There's absolutely no reason why digital gold can't be extremely liquid.
There's no reason why increasing the valuation of bitcoin itself is going to
do away with the digital gold market (raise your hand if you hold gold and
would be super upset if it went up 100x).

The complaints about stagnation and the fact that the community is having
political difficulties etc is true. But I also remember some years ago when
twitter couldn't even keep its servers running and everyone was writing it off
as a technology that couldn't scale.

Even if the naysayers are right and and Bitcoin never becomes anything but
digital gold and a way to send money between different countries, then the
market cap still has like 50x to go.

Finally, I'll only accept arguments that Bitcoin can't become the next digital
currency from people who thoroughly understand the lightning network. If you
actually understand how Bitcoin is structured, there's no way it could ever
scale to the point where every transaction is written to the block chain.

That's why we are creating the lightning network, which is essentially a VISA
prepaid credit card system on top of Bitcoin. You can contribute a certain
amount to your lightning account and then make unlimited purchases, instantly
and it practically zero cost all month and then settle with one transaction to
the blockchain.
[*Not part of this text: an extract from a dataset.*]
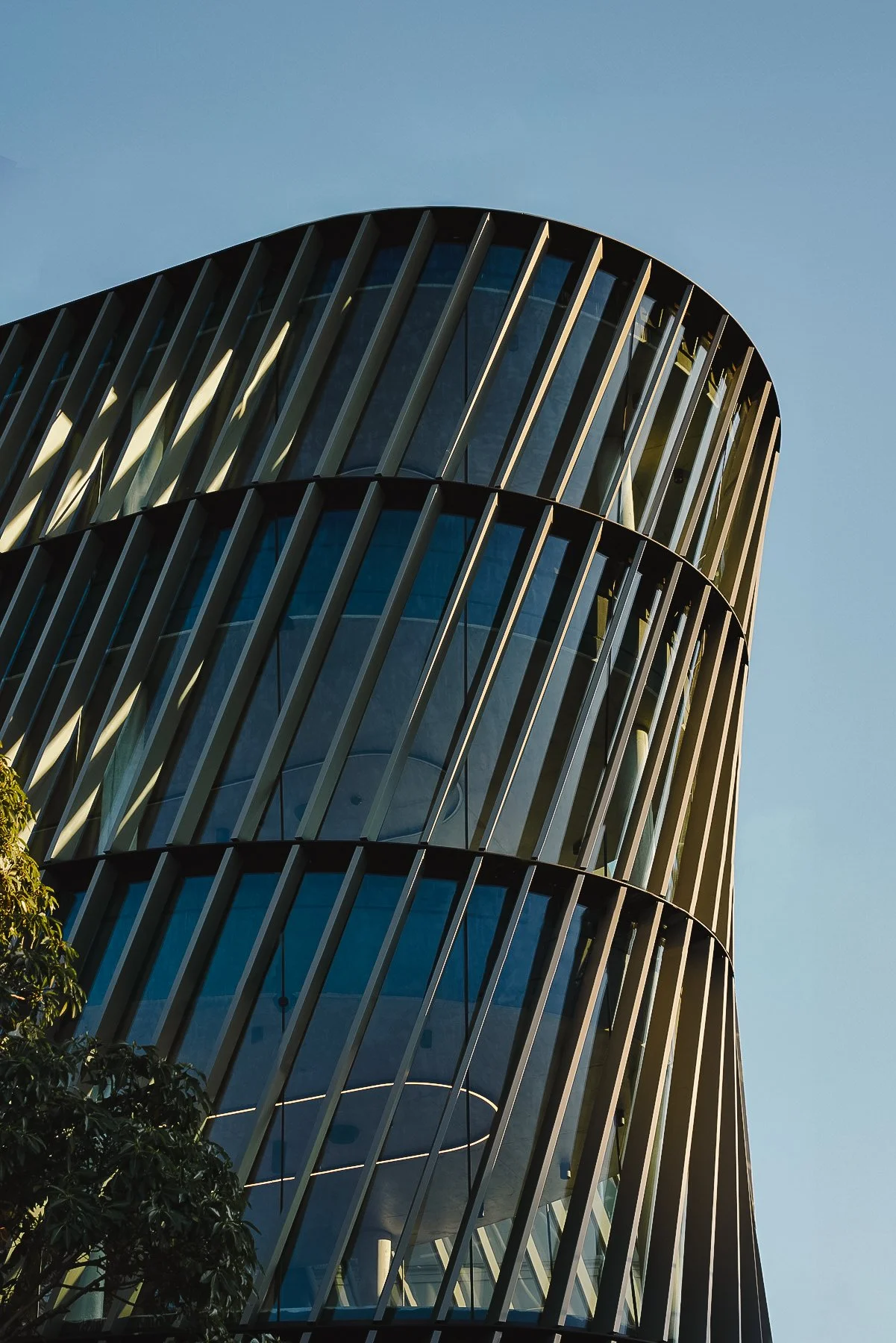 The building’s distinctive contemporary form responds to its three-sided exposure through angled patinated zinc fins fixed to a curtain wall of double-curved glass. The effect is both striking and highly considered. The fins modulate sunlight, screen the building from its exposed urban context, and allow generous natural light to flood the office spaces within. The result is a five-storey landmark that respectfully addresses its prominent setting while making a confident architectural statement.

All of this is secure and trustless.

The only thing standing between the lightning network and what we have now is
a fix for malleable transactions which is held up because of a political
dispute.

The nature of the dispute is unimportant, mostly due to the fact that the
rebels have tried to do a hard fork attack over the last month and have
failed, proving Bitcoin to be decentralized enough (and it will get more
decentralized as it gets larger). The opposition, at this point, can't win and
can only delay. At some point, incentives will ensure that they have to go
along with the fix, and then it's Bitcoin 10,000.

I'm invested in Bitcoin for the long-term and have no interest in pumping and
dumping. To date, I haven't sold any Bitcoin, and I have high six figures
worth.

I'm more bullish on Bitcoin than I have been on anything, and I would openly
welcome any legitimate arguments that convinced me otherwise, but I haven't
heard anything yet that can't easily be explained by a misunderstanding of the
underlying technology.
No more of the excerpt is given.